Фрау Августа Шмидт, директриса Учительского института, всегда отличала Клару. Она от души радовалась ее успехам. Ей нравилось достоинство, с которым держалась эта девушка из семьи в общем-то бедных людей.
Именно фрау Августа Шмидт выхлопотала для Клары бесплатную вакансию. Наставница следила за успехами Клары до самого окончания курса в институте…
Странные слухи дошли до Августы Шмидт: ее любимица, ее надежда, лучшая ученица увольняется из самых достойных домов города… Она якшается с опасными элементами. И даже… с русскими политическими эмигрантами. Боже мой! С этими цареубийцами!
Фрау Шмидт была в ужасе. Она не могла этому поверить. Она послала Кларе открытку с просьбой навестить ее.

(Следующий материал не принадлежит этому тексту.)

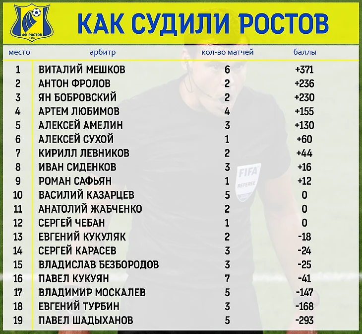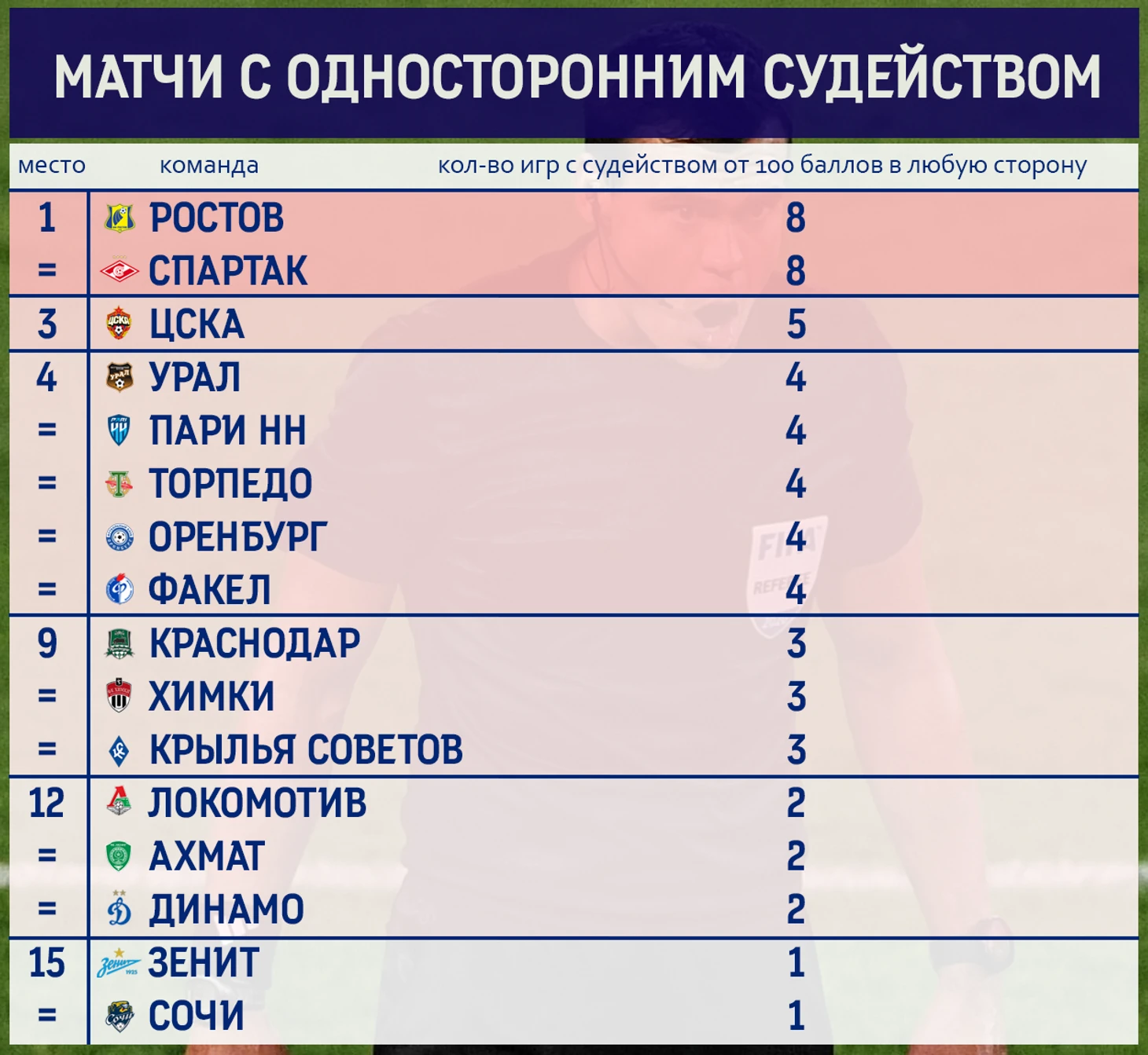 По ходу исследования я замечал, что и среди болельщиков фокус часто падал на тему судейства «Ростова». Ка будто именно их считали главным выгодополучателем судейских ошибок, тут и вспоминаются падения Комличенко, которые утомили многих. И с одной стороны это все вроде подтверждается моей таблицей, но вы уже понимаете, что 457 баллов за весь сезон - это совсем не критично. Давайте разбираться, как вышла такая оценка.

Клара явилась в назначенный час. Нет, по крайней мере внешне она ничем не напоминала этих нынешних… которые носят пенсне на шнурочке и юбки — вот срам! — еле-еле закрывающие верх ботинка…

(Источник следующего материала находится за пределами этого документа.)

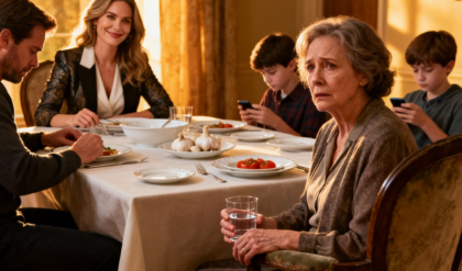 The room, which had been loud, started to quiet in the way it does when something feels wrong even to kids who don’t understand why yet. Forks hovered, conversations stalled.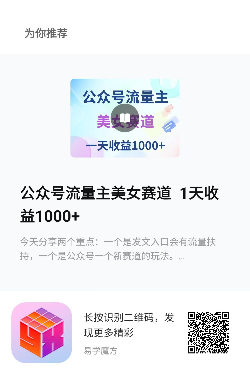 随心说项目:公众号流量主之美女图片赛道 新入口 日1000+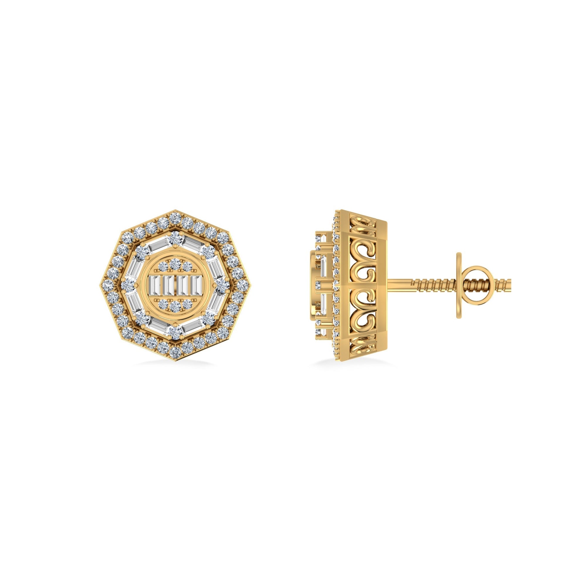 TreasureBox Presents: 10K Yellow Gold Round Diamond Designer Men's Stud Earring – 1/3 Ctw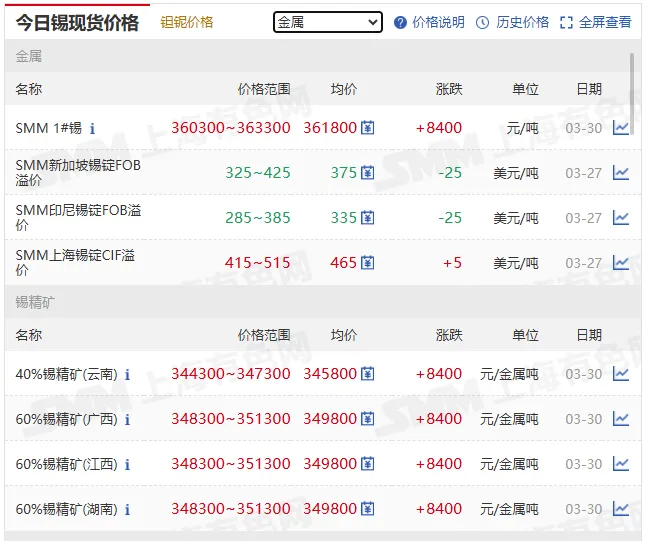 沪锡主力合约 | 362460 | - | +11460(+3.16%) | 元 / 吨 |

На Кларе была юбка до полу, как и полагается. Волосы ее были собраны в гладкую «учительскую» прическу, и, главное, взгляд ее зеленоватых глаз был по-прежнему открытым, доброжелательным, располагающим…
«Вздор! Сплетни!» — с облегчением подумала Августа Шмидт. Видит бог: ей было бы тяжело обмануться в Кларе Эйснер!
И в то время как Клара заботливо спрашивала о ее здоровье, прекратились ли у нее мигрени, которыми она страдала, и кто теперь сопровождает ее на воскресных прогулках… В это время фрау Августа придирчиво оглядывала ее…
Да, Клара не стала ни нахалкой в короткой юбке, ни мужеподобным созданием в пенсне.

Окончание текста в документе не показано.